Why did you launch a dividend fund 10 years ago?
Guy Wagner (GW): The main reason is that we were, and still are, convinced that a dividend strategy is well-founded, a point we made in our article this summer “The power of dividends”. The dividend makes up a significant portion of the total shareholder return and, in general, offers a safety net during distressed markets. Dividends also tend to offer inflation protection. They are a true cash payout that cannot be manipulated and they provide important information on a company’s future health. So it’s no accident if, historically, shares of dividend-paying companies have, on average, generated higher total returns than shares of non-dividend paying companies, moreover at lower volatility.
How does the fund stand out from others?
Jérémie Fastnacht (JF): From the start, we wanted to differentiate ourselves from our competitors by setting up a fund that invests worldwide while avoiding the “conventional” dividend stocks (e.g., financials, telecoms, …).
BL-Equities Dividend is still a pure, conviction-based dividend fund investing with a long-term horizon in quality companies worldwide. It continues to stand out in many important ways.

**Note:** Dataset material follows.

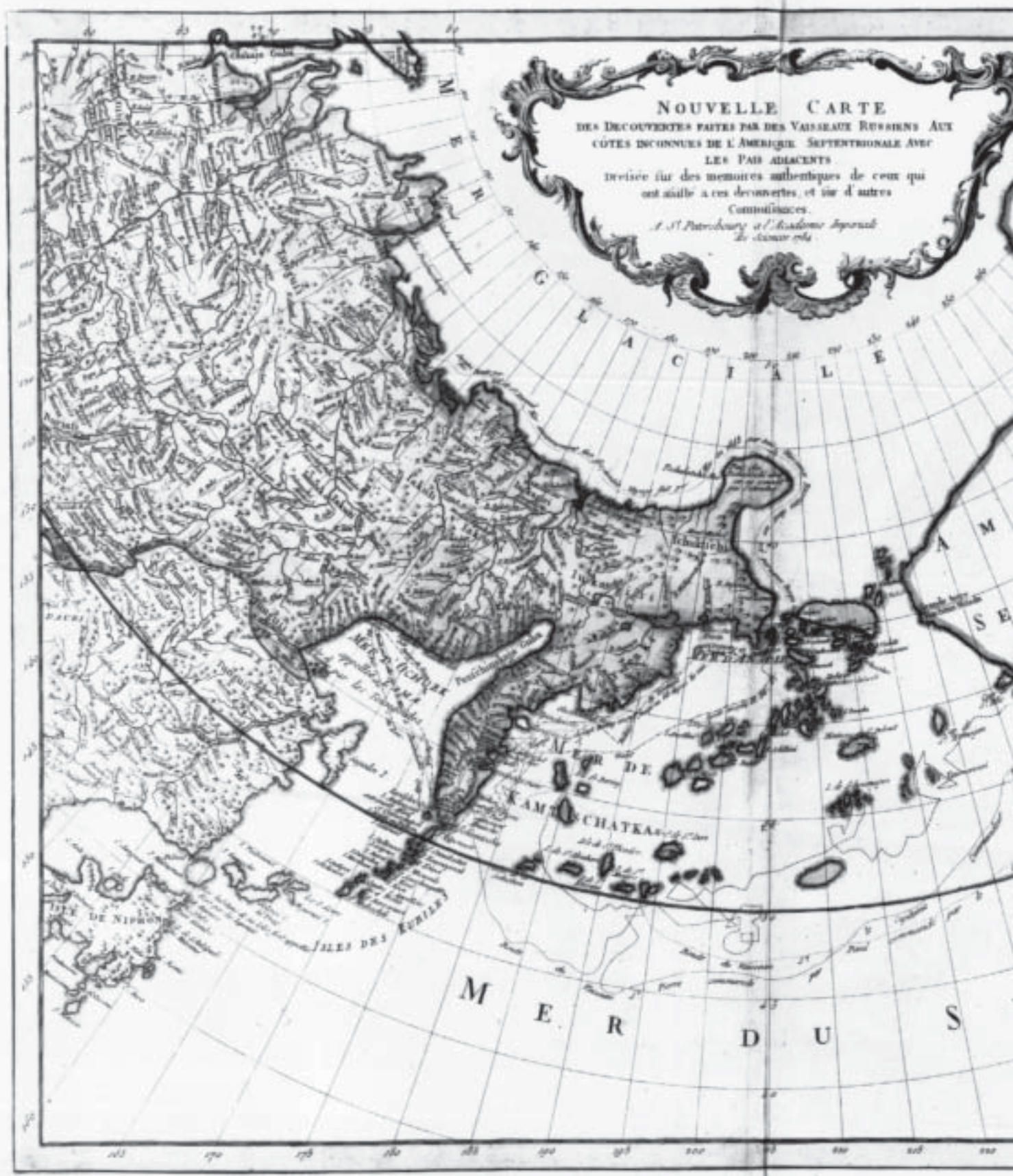
Plate 895. The somewhat outdated map of the west coast published by Santini-Remondini in 1784. Entry 1146.

First, there are no bonds in the portfolio; we do not invest in stocks that offer little or no dividend yield, and we don’t use options strategies.
Second, investments are based solely on our stock-picking process, and we do not apply index or top-down strategies. We restrict our investment universe to quality companies, from which we select those offering attractive and sustainable yields. We don’t go out looking for those stocks with the highest dividend yield in the indices and then try to find some rationale for owning them. Despite this quality bias, the portfolio’s valuation is in line with that of the indices, and the average gross dividend yield of holdings is currently 3.7%.
A third way our fund stands out is its relatively heavy exposure to emerging markets.
And, fourth, there is little portfolio turnover (14% over the past 12 months), which reflects our long-term view.
What is your assessment of the 10-year track-record of BL-Equities Dividend?
GW: First of all, 10 years is a good timeframe for judging the quality of a portfolio manager, as such a period generally encompasses both bull and bear markets. Unfortunately, in our business, there is a trend towards judging managers over shorter and shorter timeframes.
Now let’s get to the assessment. Remember that the fund had been launched at the dawn of one of history’s worst bear markets. Of the similar funds that still exist, very few have a more attractive risk/return profile over this period. While volatility is not a perfect measure of risk, the fact that it is structurally low for our fund reflects the stability of the companies in which we invest.
Total return (annualised) and volatility since launch (as of 31/10/2017)
Source: Lipper, BLI
What is the outlook for an investor planning to invest today?
JF: A dividend strategy makes even more sense now that interest rates remain very low and the bond markets have become risky. It is also true that, over the past few years, share prices have risen far more than corporate earnings. This has stretched equity valuations in many cases, which means that we have to lower our expectations with regard to future returns. The dividend share of this future return will therefore tend to be even greater.
Moreover, and notwithstanding widespread concerns on a possible rise in interest rates, empirical research has shown that there is not necessarily a negative correlation between rate hikes and the performance of dividend stocks, especially if dividends are increasing. Ultimately, we are still convinced that the best thing an investor can do currently is to invest in quality companies at reasonable prices, and a company that offers an attractive dividend yield, cannot, by definition, be overvalued, as long as its dividend is sustainable.